LabVIEW
Using NI 9219 to read a Lion precision capacitive sensor signal
Hi,
I am using an NI 9219 (mounted on cDAQ-9188) to read voltage output (+/-10V) from a Lion Precision Capacitive sensor (connected to terminals 4& 5 on the NI 9219 connector for voltage measurement). And I am running into issues reading the signals correctly using LabVIEW. I am also reading the position using another sensor-encoder for comparison. Please see below
Test 1: Noise characteristics (no Voice coil effort, time axis in seconds- Sampling rate- 100Hz for all 3 signals)
- Cap sensor data appears to be highly discretized (some kind of voltage resolution issue- need to verify if this is coming from ADC-NI9219 or from the cap-sensor itself)
- There appears to be some kind of delayed response of cap-sensor (probably a coding issue)
I tested the sensor readings using NI MAX and those readings did not have any delay. I also checked the sensor readings using an Oscilloscope to verify if the sensor has gone bad but the oscilloscope readings were fine (did not have any delay, were matched to +/-10V).
Test 2: Stepping in position (roughly 7-7.5um steps, 2s wait @ each step, 100 Hz sampling for all signals)
- Cap sensor did not register all the steps
- Bandwidth issue (too large of a step in very short time- unlikely)- I am not sure why it did not register all the steps- mismatch between +/-10V AO of sensor and +/-30V AI of ADC. or Does the delay in cap-sensor response cause a problem in registering these steps accurately ?
Again, testing with NI MAX I was able to register all these steps.
So, there are two problems I am trying to find the answers to-
1. Why and how does +/-10 V differential signal from the cap sensor translate to +/-30V range when reading with the NI 9219 (both NI MAX and the VI)
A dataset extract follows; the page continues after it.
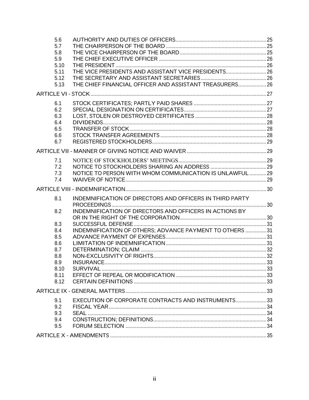 ii 5.6 AUTHORITY AND DUTIES OF OFFICERS ................................................................. 25 5.7 THE CHAIRPERSON OF THE BOARD ........................................................................ 25 5.8 THE VICE CHAIRPERSON OF THE BOARD .............................................................. 25 5.9 THE CHIEF EXECUTIVE OFFICER ............................................................................. 26 5.10 THE PRESIDENT ............................................................................................................ 26 5.11 THE VICE PRESIDENTS AND ASSISTANT VICE PRESIDENTS............................. 26 5.12 THE SECRETARY AND ASSISTANT SECRETARIES ............................................... 26 5.13 THE CHIEF FINANCIAL OFFICER AND ASSISTANT TREASURERS .................... 26 ARTICLE VI - STOCK .............................................................................................................................. 27 6.1 STOCK CERTIFICATES; PARTLY PAID SHARES .................................................... 27 6.2 SPECIAL DESIGNATION ON CERTIFICATES ........................................................... 27 6.3 LOST, STOLEN OR DESTROYED CERTIFICATES ................................................... 28 6.4 DIVIDENDS ..................................................................................................................... 28 6.5 TRANSFER OF STOCK .................................................................................................. 28 6.6 STOCK TRANSFER AGREEMENTS ............................................................................ 28 6.7 REGISTERED STOCKHOLDERS .................................................................................. 29 ARTICLE VII - MANNER OF GIVING NOTICE AND WAIVER ......................................................... 29 7.1 NOTICE OF STOCKHOLDERS’ MEETINGS ............................................................... 29 7.2 NOTICE TO STOCKHOLDERS SHARING AN ADDRESS ........................................ 29 7.3 NOTICE TO PERSON WITH WHOM COMMUNICATION IS UNLAWFUL ............ 29 7.4 WAIVER OF NOTICE ..................................................................................................... 29 ARTICLE VIII - INDEMNIFICATION ..................................................................................................... 30 8.1 INDEMNIFICATION OF DIRECTORS AND OFFICERS IN THIRD PARTY PROCEEDINGS ............................................................................................................... 30 8.2 INDEMNIFICATION OF DIRECTORS AND OFFICERS IN ACTIONS BY OR IN THE RIGHT OF THE CORPORATION.............................................................. 30 8.3 SUCCESSFUL DEFENSE ............................................................................................... 31 8.4 INDEMNIFICATION OF OTHERS; ADVANCE PAYMENT TO OTHERS ............... 31 8.5 ADVANCE PAYMENT OF EXPENSES ........................................................................ 31 8.6 LIMITATION OF INDEMNIFICATION ........................................................................ 31 8.7 DETERMINATION; CLAIM .......................................................................................... 32 8.8 NON-EXCLUSIVITY OF RIGHTS ................................................................................. 32 8.9 INSURANCE.................................................................................................................... 33 8.10 SURVIVAL ...................................................................................................................... 33 8.11 EFFECT OF REPEAL OR MODIFICATION ................................................................. 33 8.12 CERTAIN DEFINITIONS ............................................................................................... 33 ARTICLE IX - GENERAL MATTERS ..................................................................................................... 33 9.1 EXECUTION OF CORPORATE CONTRACTS AND INSTRUMENTS...................... 33 9.2 FISCAL YEAR ................................................................................................................. 34 9.3 SEAL ................................................................................................................................ 34 9.4 CONSTRUCTION; DEFINITIONS ................................................................................. 34 9.5 FORUM SELECTION ..................................................................................................... 34 ARTICLE X - AMENDMENTS ................................................................................................................ 35
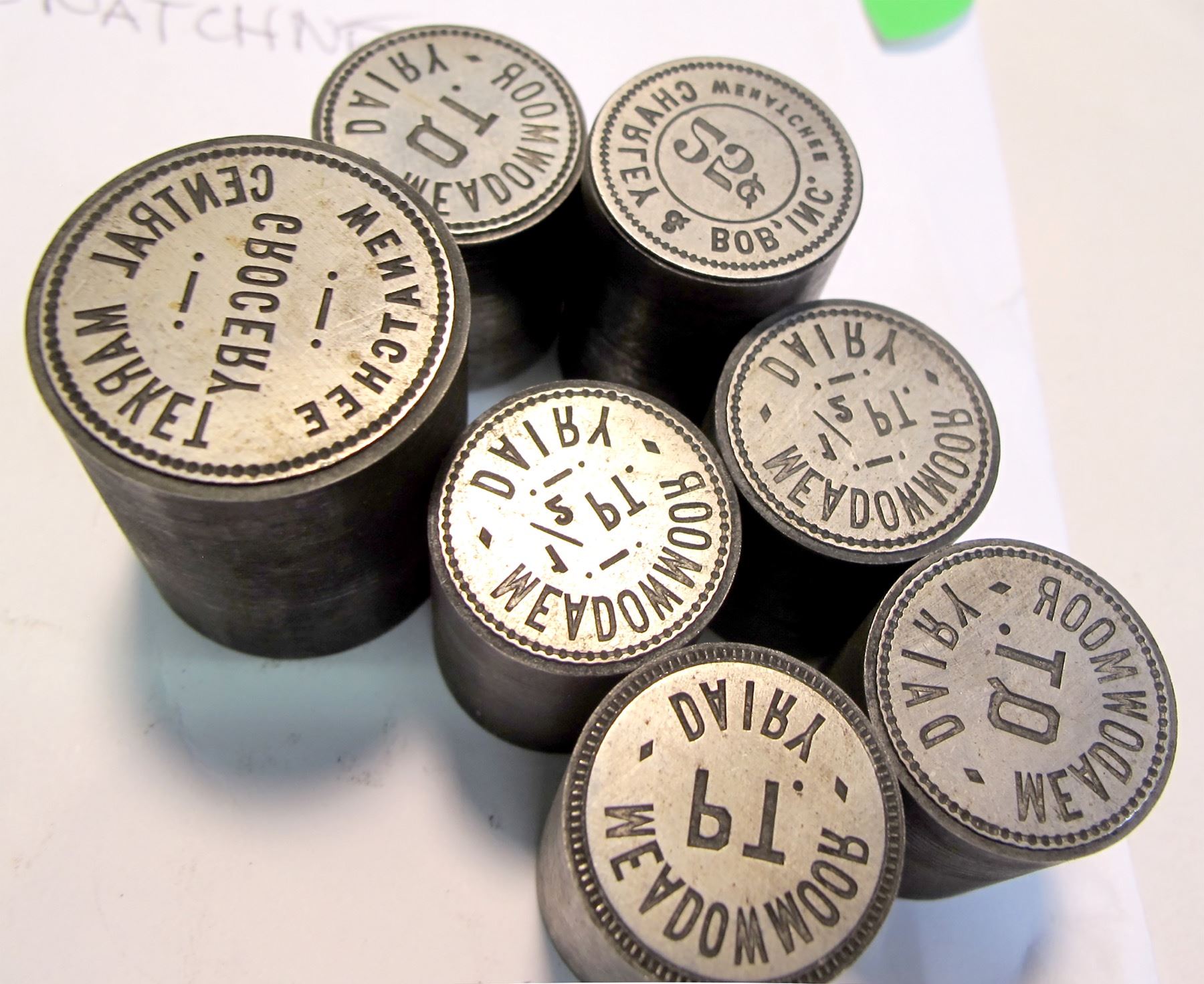 6 Token Dies self identified from Wenatchee, WA. 24mm: 5 Meadowood Dairy, Charley and Bob. 30mm: Central Market Grocery. Northwest Territorial Mint Historical Token Die Collection. State: Washington City: Wenatchee Date: c1903-1950 HWAC# 85020

2. How to read these cap sensor readings in the VI more accurately (similar to NI max) ?
I have attached some documentation about cap sensor and the VI that I am using.
Any help would be appreciated.
Thanks,
Here are the two readings from the sensor (differential) using an oscilloscope (validation that the sensor is working fine):
Each step in both signals is 1.14 V for motion steps of size 6.3 microns.
1.a- Your delay issue is indeed a coding problem. You set up your Read task as continuous with a 1 kHz sample rate, but you're only reading one sample at a time. Look in the Example Finder for better information on how to do continuous tasks. I would suggest you remove the Wait until next ms multiple function and only rely on your DAQmx Read function to do your timing for you. Basically, your Read task is filling a buffer at 1000 Hz, and you're removing one every 25 ms (40 Hz). Eventually you'll get a buffer overflow error.
1.b- The sequence structure isn't doing anything for you. I'd recommend you clean up your diagram and "think dataflow" to get your program laid out more cleanly.
2.a- Your sample rate is too high for this card; its conversion time is 10 ms for all channels, thus the max sample rate is 100 Hz. Your discretization is probably coming from reading the same sample multiple times, not an actual issue with the sensor resolution. I'm surprised this didn't throw an error to be honest. With a delta-sigma converter, I don't know how it'll respond when trying to oversample.
2.c- A +/-10V differential signal has a range of +/-20 V total. In other words, with leg A at +10 V and leg B at -10 V, your measurement is 20 V. With leg A at -10 V and leg B at +10 V, your measurement is -20 V. This is where your higher signal measurement is probably coming from.